The term 'subfertility' may be preferable to infertility, as many of the bars to conception are relative rather than absolute and in about 30% of cases no cause is found.
People who are concerned about their fertility should be informed that over 80% of couples in the general population will conceive within one year if:
- the woman is aged under 40 years; and
- they do not use contraception; and
- they have regular sexual intercourse (every two to three days).
Of those who do not conceive in the first year, about half will do so in the second year (cumulative pregnancy rate over 90%).
Infertility may be due to problems with one or both partners. Natural female fertility declines with age and increasing maternal age is also associated with increased obstetric risks and risk of miscarriage. This should be noted by women who choose to delay their family.

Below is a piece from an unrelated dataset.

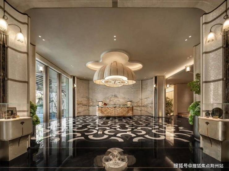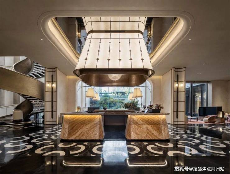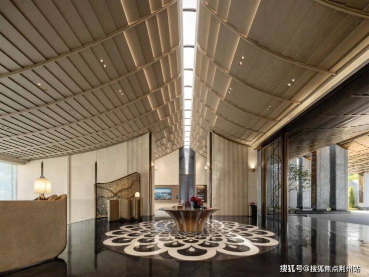 进入售楼处大门的一刹那,超大面积的金属,奢石,岩板,白玉,景泰蓝等等映入眼帘。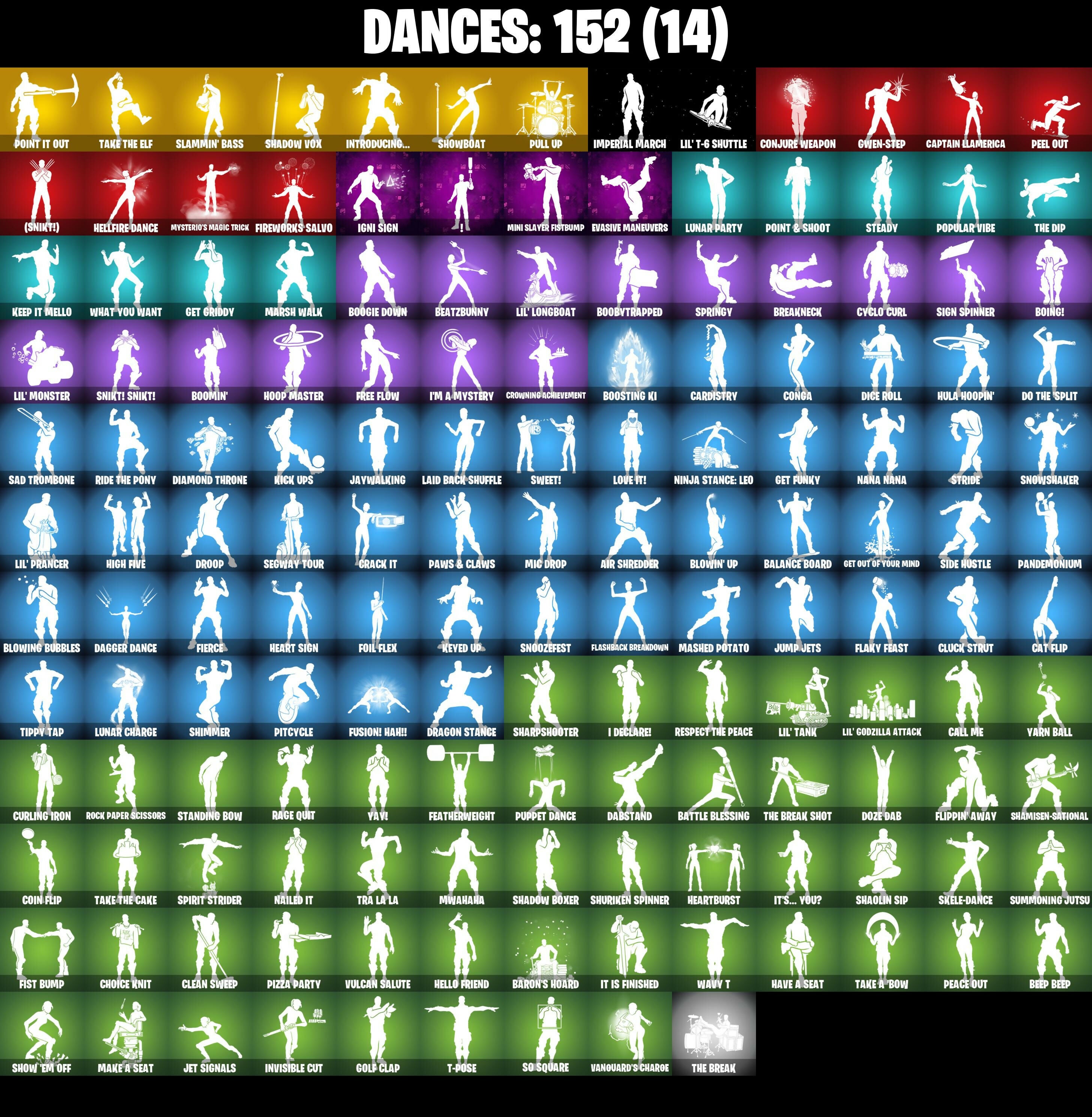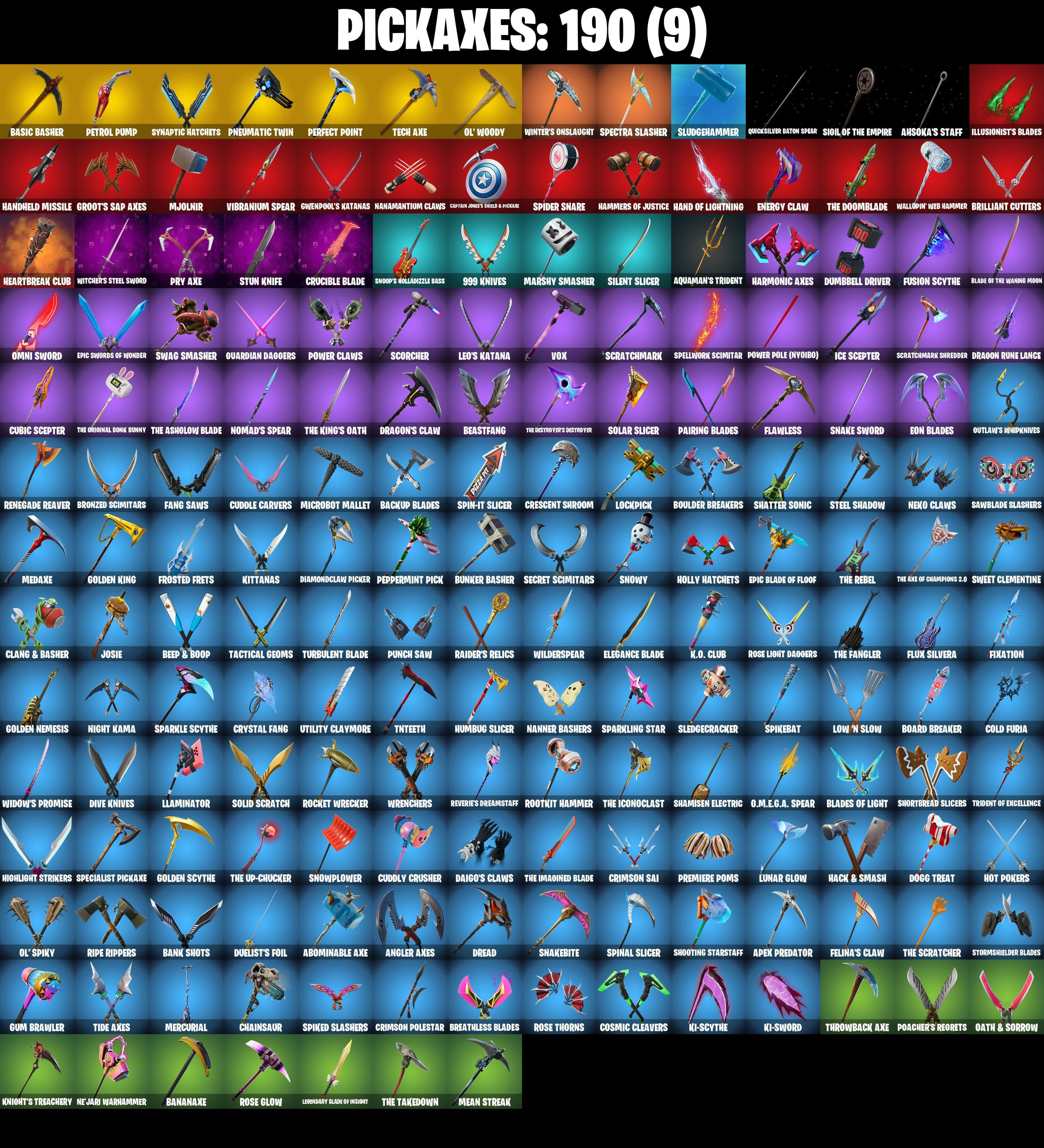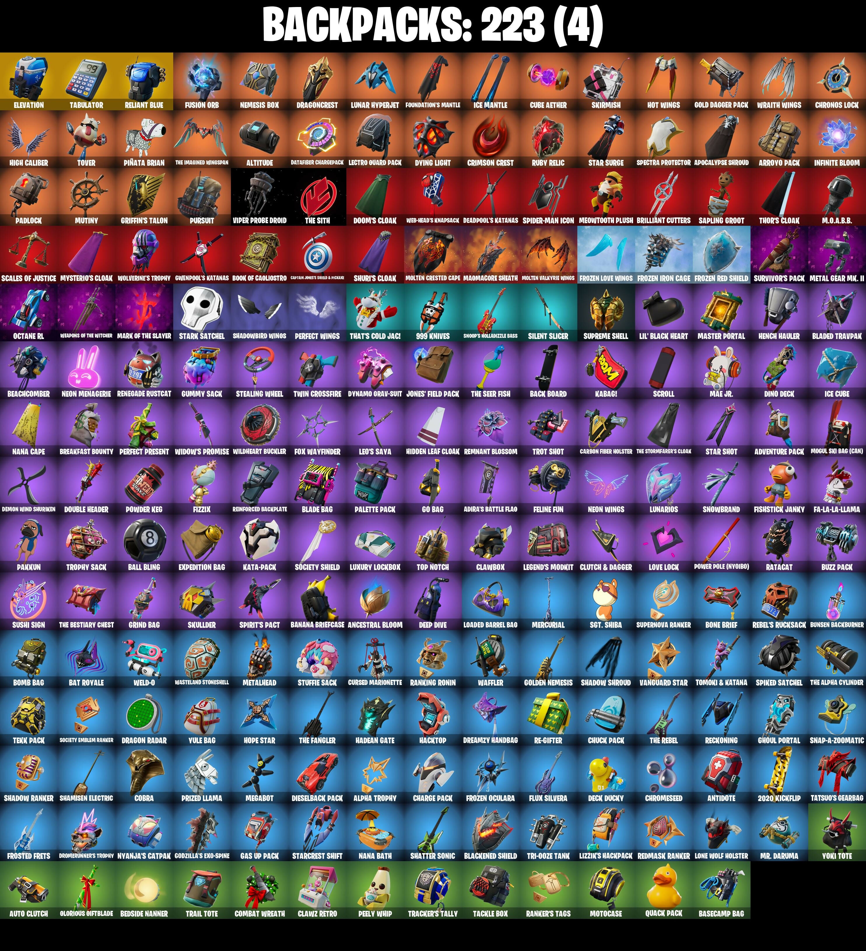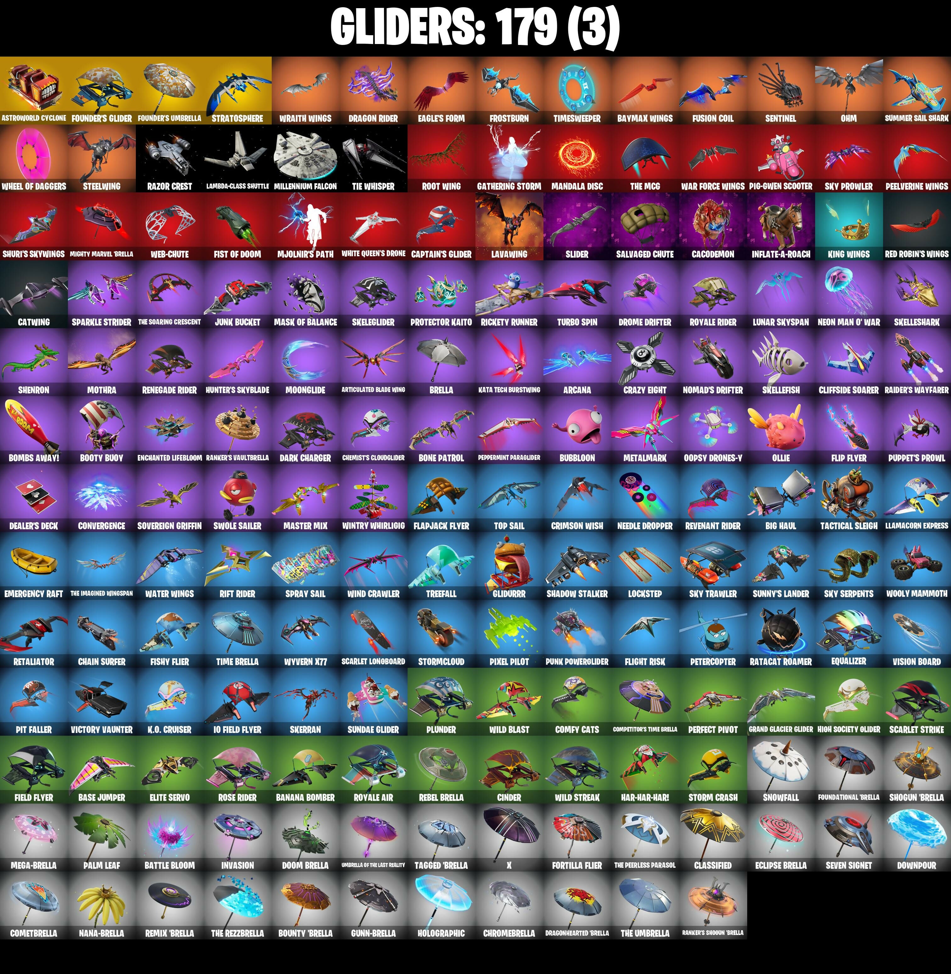 (Snikt!), 2020 Kickflip, 8-Ball Vs Scratch, 999 Knives, Abominable Axe, Adira, Adira (Battle Mask), Adira's Battle Flag, Adventure Pack, Aerial Assault Bomber, Aerial Assault Captain, Agent Jones, Agent Peely, Ahsoka Tano, Ahsoka's Staff, Air Shredder, Alpha Trophy, Altitude, Ancestral Bloom, Angler Axes, Antidote, Antonia, Apex Predator, Apocalypse Shroud, Aquaman, Aquaman's Trident, Arcana, Arctic Adeline, Arroyo Pack, Articulated Blade Wing, Astro Armor, Astroworld Cyclone, Auto Clutch, Back Board, Backlash, Backup Blades, Balance Board, Ball Bling, Banana Bomber, Banana Briefcase, Bananaxe, Bank Shots, Baron's Hoard, Base Jumper, Basecamp Bag, Basic Basher, Bat Royale, Battle Blessing, Battle Bloom, Baymax Wings, Beachcomber, Beastfang, Beatzbunny, Bedside Nanner, Beep & Boop, Beep Beep, Beerus, Big Haul, Black Panther (Shuri), Blackened Shield, Blackheart, Blackheart (Stage 8), Blade Bag, Blade of the Waning Moon, Bladed Travpak, Blades of Light, Blowin' Up, Blowing Bubbles, Board Breaker, Boing!, Bomb Bag, Bombs Away!, Bone Brief, Bone Patrol, Boobytrapped, Boogie Down, Book Of Gaolosstro, Boomin', Boosting Ki, Booty Buoy, Boulder Breakers, Bounty 'Brella, Breakfast Bounty, Breakneck, Breathless Blades, Brella, Brilliant Cutters, Brite Bomber, Bronzed Scimitars, Brutus, Bubloon, Bullseye, Bunker Basher, Bunker Jonesy, Bunsen Backburner, Buzz Pack, Cacodemon, Call Me, Cameo Vs Chic, Captain Blamerica, Captain Jones, Captain Jones's Shield & Pickaxe, Captain's Glider, Carbon Fiber Holster, Cardistry, Cat Flip, Catalyst, Catalyst (Overcharged), Catwing, Chain Surfer, Chainsaur, Charge Pack, Chemist's Cloudglider, Choice Knit, Chrome Punk, Chromebrella, Chromeseed, Chronos Lock, Chuck Pack, Cinder, Clang & Basher, Classified, Clawbox, Clawz Retro, Clean Sweep, Cliffside Soarer, Cloud Striker, Cluck Strut, Clutch & Dagger, Cobalt, Cobra, Coin Flip, Cold Furia, Collector Kado Thorne, Combat Wreath, Cometbrella, Comfy Cats, Competitor's Time Brella, Conga, Conjure Weapon, Convergence, Cosmic Cleavers, Crack It, Crazy Eight, Crescent Shroom, Crimson Crest, Crimson Polestar, Crimson Sai, Crimson Wish, Crowning Achievement, Crucible Blade, Crystal Fang, Cube Aether, Cubic Scepter, Cuddle Carvers, Cuddly Crusher, Curling Iron, Cursed Marionette, Cyclo Curl, Dabstand, Dagger Dance, Daigo, Daigo's Claws, Dali, Dark Charger, Dark Doggo, Darth Vader, Datafiber Chargepack, Deadpool, Deadpool Unmasked, Deadpool's Katanas, Dealer's Deck, Deck Ducky, Deep Dive, Demi, Demon Hunter Hope, Demon Wind Shuriken, Diamond Throne, Diamondclaw Picker, Dice Roll, Dieselback Pack, Dino Deck, Dive Knives, Do The Split, Doctor Strange, Dogg Treat, Doom, Doom Brella, Doom Slayer, Doom's Cloak, Double Header, Downpour, Doze Dab, Dragon Radar, Dragon Rider, Dragon Stance, Dragon's Claw, Dragoncrest, Dragonhearted 'Brella, Dragoon Rune Lance, Dread, Dreamzy Handbag, Drome Drifter, Dromerunner's Trophy, Droop, Duelist's Foil, Dumbbell Driver, Dying Light, Dynamo, Dynamo Grav-Suit, Eagle's Form, Eclipse Brella, Elegance Blade, Elevation, Elite Servo, Ember, Emergency Raft, Emma Frost, Enchanted Lifebloom, Energized Godzilla, Energy Claw, Eon Blades, Epic Blade of Floof, Epic Swords of Wonder, Equalizer, Era, Erisa, Eternal Voyager, Eternal Voyager (Eternal), Evasive Maneuvers, Evie, Expedition Bag, Fa-La-La-Llama, Fade, Fang Saws, Featherweight, Felina, Felina's Claw, Feline Fun, Field Flyer, Fierce, Fireworks Salvo, Fish Thicc, Fishstick Janky, Fishy Flier, Fist Bump, Fist of Doom, Fixation, Fixer, Fizzix, Flaky Feast, Flapjack Flyer, Flashback Breakdown, Flawless, Flight Risk, Flip Flyer, Flippin' Away, Flux Silvera, Focus, Foil Flex, Fortilla Flier, Foundation's Mantle, Foundational 'Brella, Founder's Glider, Founder's Umbrella, Fox Wayfinder, Free Flow, Frostburn, Frosted Frets, Frozen Iron Cage, Frozen Love Ranger, Frozen Love Wings, Frozen Oculata, Frozen Raven, Frozen Red Knight, Frozen Red Shield, Fusion, Fusion Coil, Fusion Orb, Fusion Scythe, Fusion! Hah!!, Gas Up Pack, Gathering Storm, Gear Specialist Maya, Geralt Of Rivia, Get Funky, Get Griddy, Get Out Of Your Mind, Ghoul Portal, Glidrrrr, Glorious Giftblade, Go Bag, Godzilla Evolved, Godzilla's Exo-Spine, Goku Black, Gold Dagger Pack, Golden King, Golden Nemesis, Golden Scythe, Golf Clap, Grand Glacier Glider, Griffin's Talon, Grind Bag, Groot, Groot's Sap Axes, Guardian Daggers, Guardian Jade, Gum Brawler, Gumbo, Gummy Sack, Gunn-Brella, Gunnar, Gwen-Step, Gwenpool, Gwenpool's Katanas, Haasaur, Hack & Smash, Hacktop, Hadean Gate, Hammers of Justice, Hand of Lightning, Handheld Missile, Har-Har-Har!, Harbinger Armor Omeborok, Harlowe, Harmonic Axes, Have A Seat, Haven, Heart Sign, Heartbreak Club, Heartbreak Ranger, Heartburst, Hellfire Dance, Hello Friend, Hench Hauler, Hero Baymax, Hidden Leaf Cloak, High Caliber, High Five, High Society Glider, Highlight Strikers, Holiday Boxy, Holly Hatchets, Holographic, Hoop Master, Hope, Hope Star, Hot Pokers, Hot Wings, Hula Hoopin', Humbug Slicer, Hunter's Skyblade, Hybrid, Hybrid (Stage 4), I Declare!, I'm A Mystery, IO Field Flyer, Ice Cube, Ice King (Gold), Ice Mantle, Ice Scepter, Igni Sign, Illusionist's Blades, Imperial March, Indiana Jones, Infinite Bloom, Inflate-A-Roach, Introducing..., Invasion, Invisible Cut, It Is Finished, It's... You?, Jackie, Jade, Jaywalking, Jennifer Walters, Jet Signals, Jones' Field Pack, Josie, Journey Vs Hazard, Jules, Jump Jets, Junk Bucket, K.O. Club, K.O. Cruiser, Kabag!, Kado Thorne, Kakashi Hatake, Kata Tech Burstwing, Kata-Pack, Keep It Mello, Kendo, Keyed Up, Khaby Lame, Ki-Scythe, Ki-Sword, Kiara K.O., Kiara K.O. (Captain's Bomber), Kick Ups, King Wings, Kintsugi Daigo, Kit, Kittanas, Knight's Treachery, Kondor, Krisabelle, Laid Back Shuffle, Lambda-Class Shuttle, Lara Croft, Lavawing, Lectro Guard Pack, Legend's Modkit, Legendary Blade of Insight, Leo's Katana, Leo's Saya, Leonardo, Lil Split, Lil T-6 Shuttle, Lil' Black Heart, Lil' Godzilla Attack, Lil' Longboat, Lil

Causes of female infertility
Disorders of ovulation
They may occur at the level of pituitary or hypothalamus as well as at the level of the ovary. If there is amenorrhoea it should be investigated as such and oligomenorrhoea along similar lines.
The World Health Organization (WHO) classifies ovulation disorders into three groups:
- Group I: hypothalamic pituitary failure (hypothalamic amenorrhoea or hypogonadotrophic hypogonadism).
- Group II: hypothalamic-pituitary-ovarian dysfunction (predominately polycystic ovarian syndrome).
- Group III: ovarian failure.
Women with WHO Group I ovulation disorders:
- Should be advised that they can improve their chance of regular ovulation, conception and an uncomplicated pregnancy by:
- Increasing their body weight if their BMI is <19.
- Moderating their exercise levels if they undertake high levels of exercise.
Women with WHO Group II ovulation disorders:
- Should be advised to lose weight if their BMI is >30, as this alone may restore ovulation, improve their response to ovulation induction agents, and have a positive impact on pregnancy outcomes
- Those women taking clomifene citrate should have an ultrasound monitoring during at least the first cycle of treatment to ensure that they are taking a dose that minimises the risk of multiple pregnancy.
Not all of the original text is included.